> _RECORDS FOR THIS TASK_:
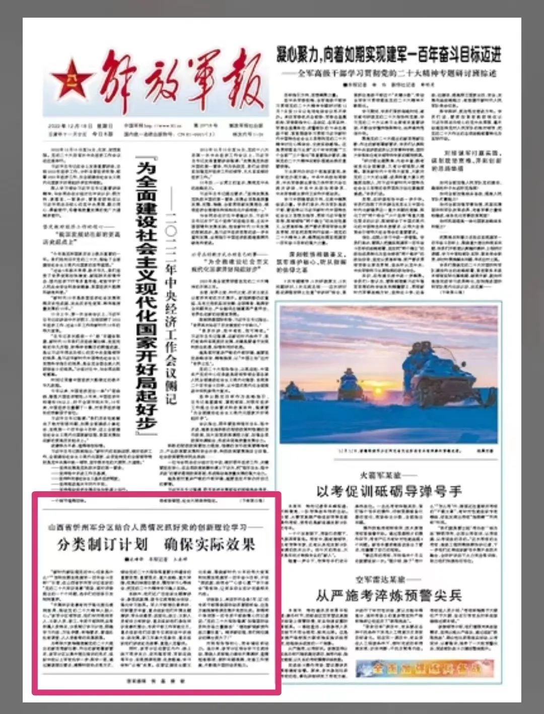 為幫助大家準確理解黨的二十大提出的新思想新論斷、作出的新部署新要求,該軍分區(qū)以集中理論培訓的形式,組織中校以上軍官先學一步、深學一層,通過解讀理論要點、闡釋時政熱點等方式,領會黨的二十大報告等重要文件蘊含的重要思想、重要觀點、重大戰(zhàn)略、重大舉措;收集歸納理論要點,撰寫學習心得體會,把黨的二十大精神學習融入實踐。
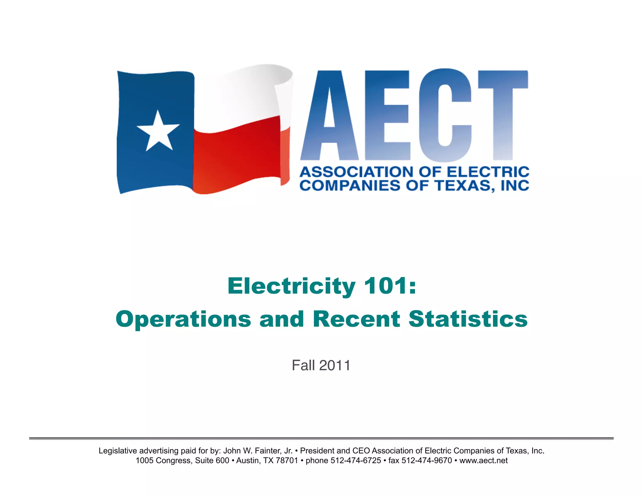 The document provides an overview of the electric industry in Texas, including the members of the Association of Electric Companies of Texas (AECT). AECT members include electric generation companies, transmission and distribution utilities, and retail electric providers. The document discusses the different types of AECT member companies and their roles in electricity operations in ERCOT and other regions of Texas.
...
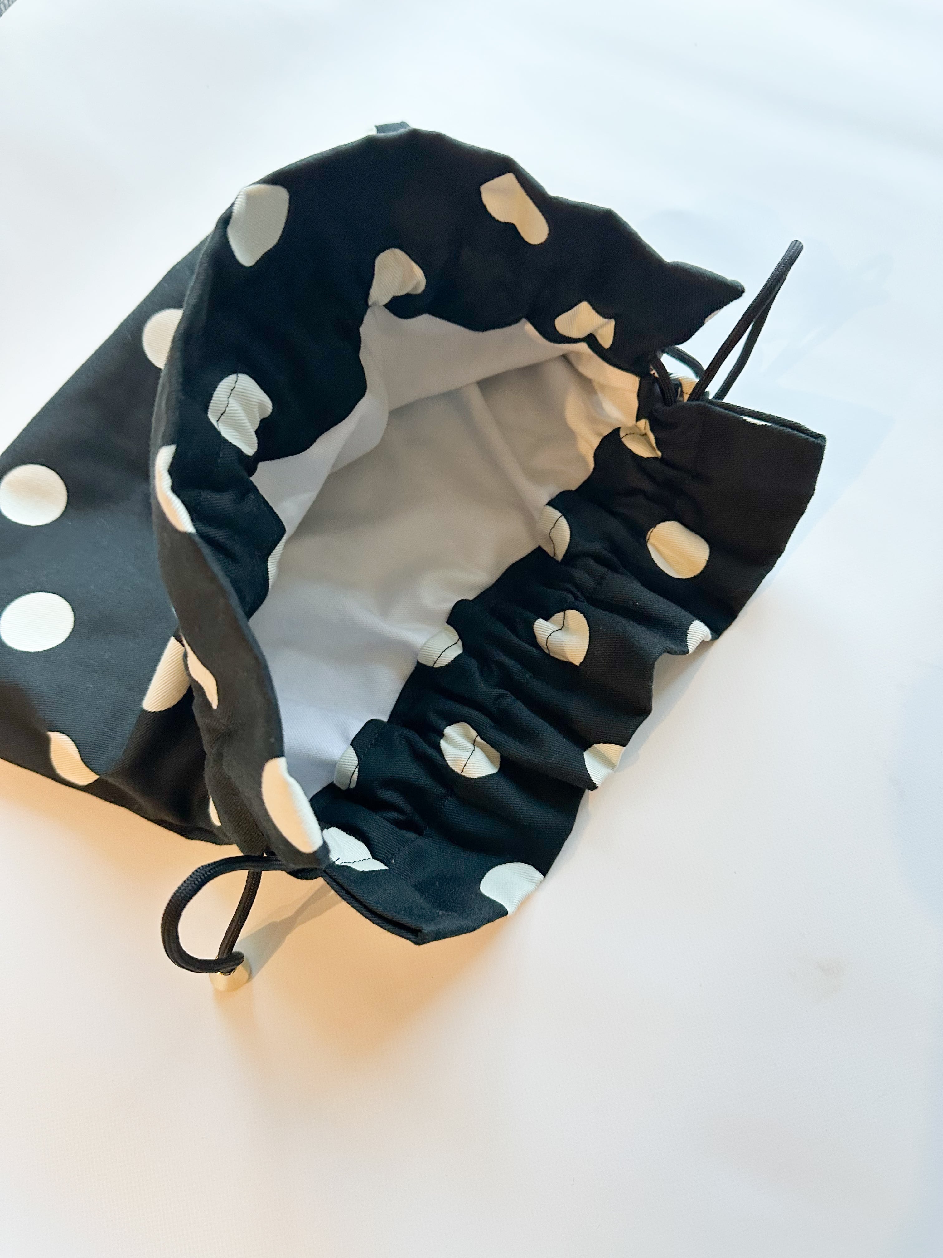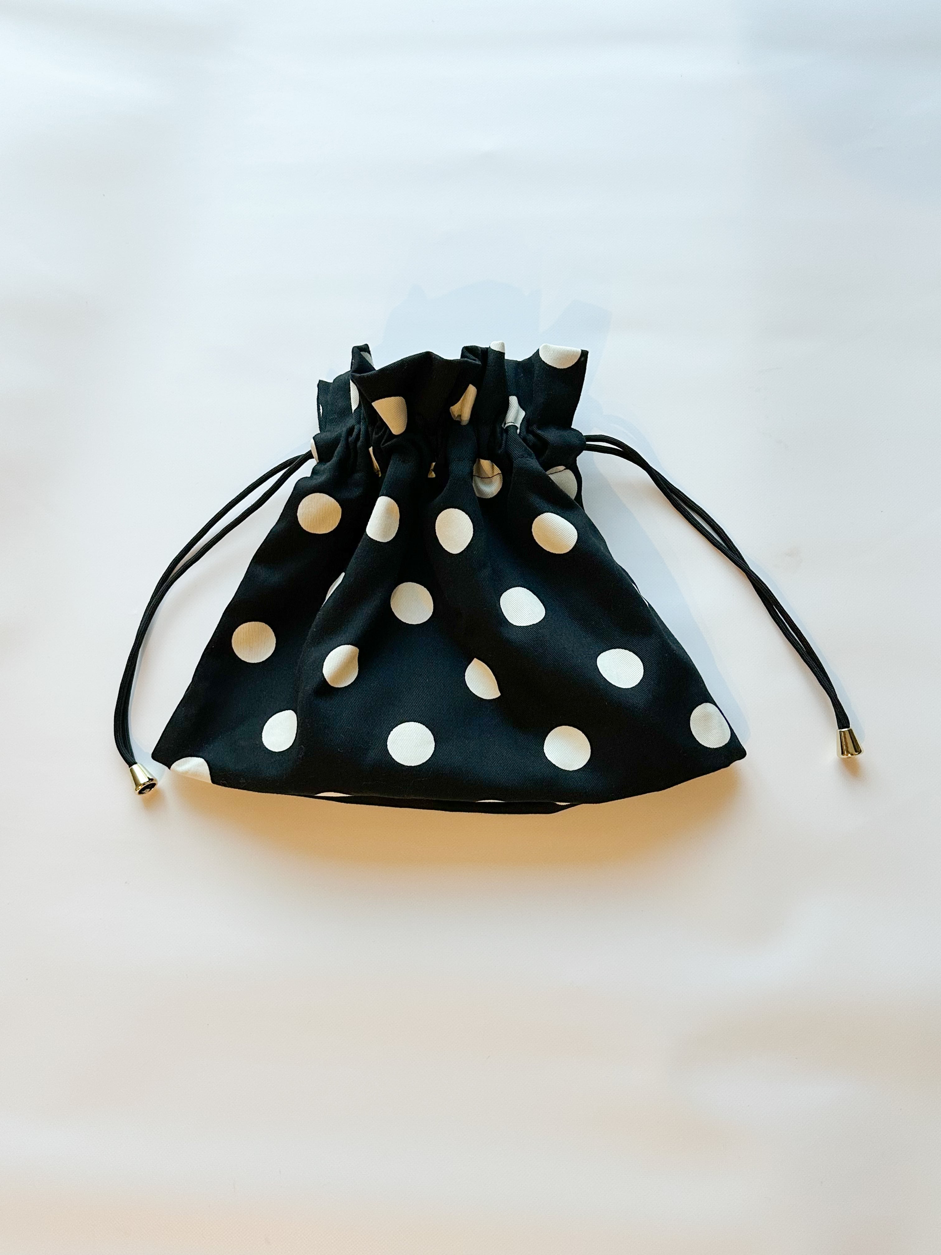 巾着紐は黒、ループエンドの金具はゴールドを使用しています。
--
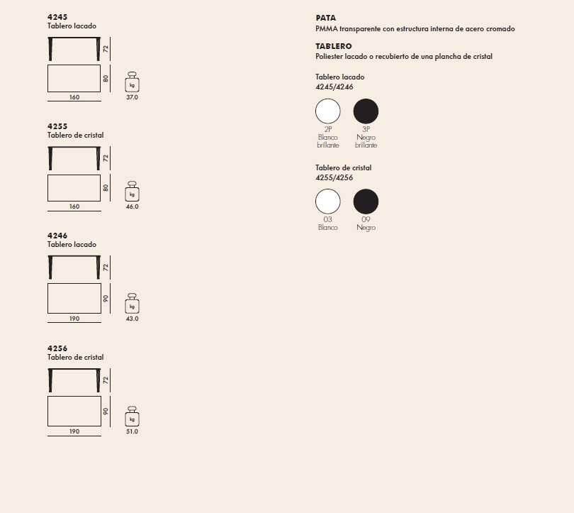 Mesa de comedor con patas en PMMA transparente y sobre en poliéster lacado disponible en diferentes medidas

> _PROBLEM TO WORK ON_:
In the listing above, find the line containing "為幫助大家準確理解黨的二十大" and the line containing "The document provides", then output those two lines and everything between them exactly as written, without the images.

> _EXERCISE ANSWER_:
 為幫助大家準確理解黨的二十大提出的新思想新論斷、作出的新部署新要求,該軍分區(qū)以集中理論培訓的形式,組織中校以上軍官先學一步、深學一層,通過解讀理論要點、闡釋時政熱點等方式,領會黨的二十大報告等重要文件蘊含的重要思想、重要觀點、重大戰(zhàn)略、重大舉措;收集歸納理論要點,撰寫學習心得體會,把黨的二十大精神學習融入實踐。
 The document provides an overview of the electric industry in Texas, including the members of the Association of Electric Companies of Texas (AECT). AECT members include electric generation companies, transmission and distribution utilities, and retail electric providers. The document discusses the different types of AECT member companies and their roles in electricity operations in ERCOT and other regions of Texas.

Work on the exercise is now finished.